Catskill Mountain Moonshine, SaugertiesYou’d swear you were in the South when sidling up to the bar, just six weeks old at time of print, but you’d actually be in downtown Saugerties. In what was previously a soda fountain, the long bar lends itself to a festive, communal space. “Just an hour before you showed up, women from a bachelorette party were dancing on the bar,” owner Allyson Barbaria says, proudly, of the Nashville-inspired bar and distillery, Catskill Mountain Moonshine. With cowboy hats along the walls, grain bags on the floor, and a clothesline of bras tagged with funny “pick-up” lines leading to the restrooms, Barbaria knows how to throw a party.

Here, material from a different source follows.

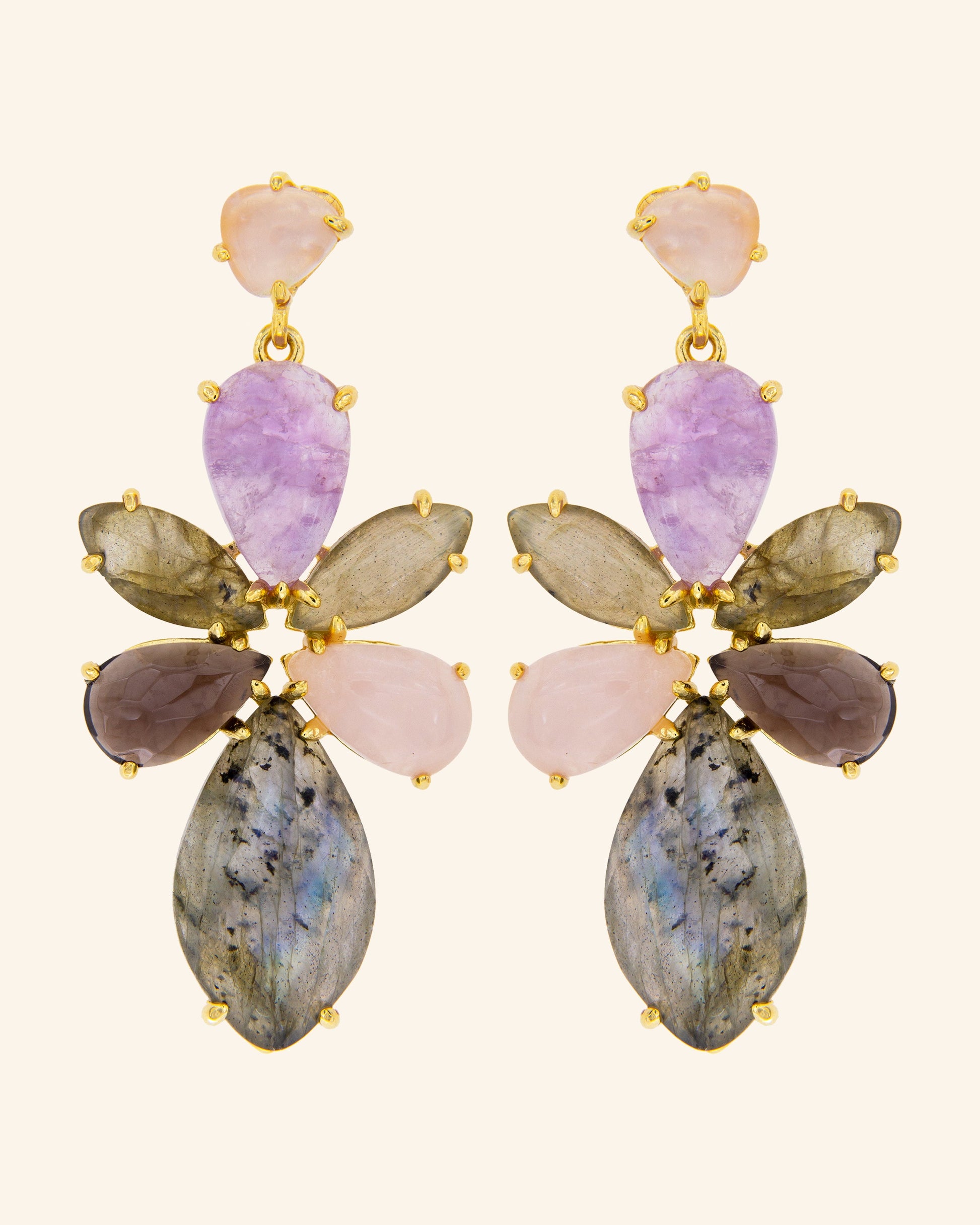 Pendientes Fauno con labradorita, amatista, cuarzo rosa y fumé

“For the last 29 years, my husband and I made cider and even tried our hand at wine. At the same time a friend of ours was trying his hand at distilling,” Barbaria says. After a 2019 visit to Tennessee, they fell in love with the family-get-together vibe they experienced in Nashville, and thought, “There must be a way to incorporate the two experiences together and create one unique atmosphere back home,” Barbaria says. After a decade in accounting and a dream to be her own boss, the possibility finally presented itself when a friend and former colleague bought the corner building that is now home to Catskill Mountain Moonshine. Being able to create distillates from all that is available locally is a big draw. “It’s amazing how much agriculture is available right here in the Hudson Valley, [but] it’s a challenge to divide the time between creating spirits and then creating an experience to offer patrons,” she says.
When asked about being an owner in the spirits business, Barbaria admits, “tenacious, professional women will always push forward and build equitable environments where they will thrive; this industry is a prime example of just that.”
Even those who are more recently starting in the business, like Meg Swett, assistant distiller of Coppersea Distilling in New Paltz, admits, “It is fascinating and rewarding work [and] the image of a rugged, strong, rebellious, cigar-smoking white man making moonshine or distilling…is a facade. While it holds some truth, it is only a piece of the ever-changing story. Whisky is adaptable to whoever drinks it and it is shaped by the current reality of those who enjoy its nature.”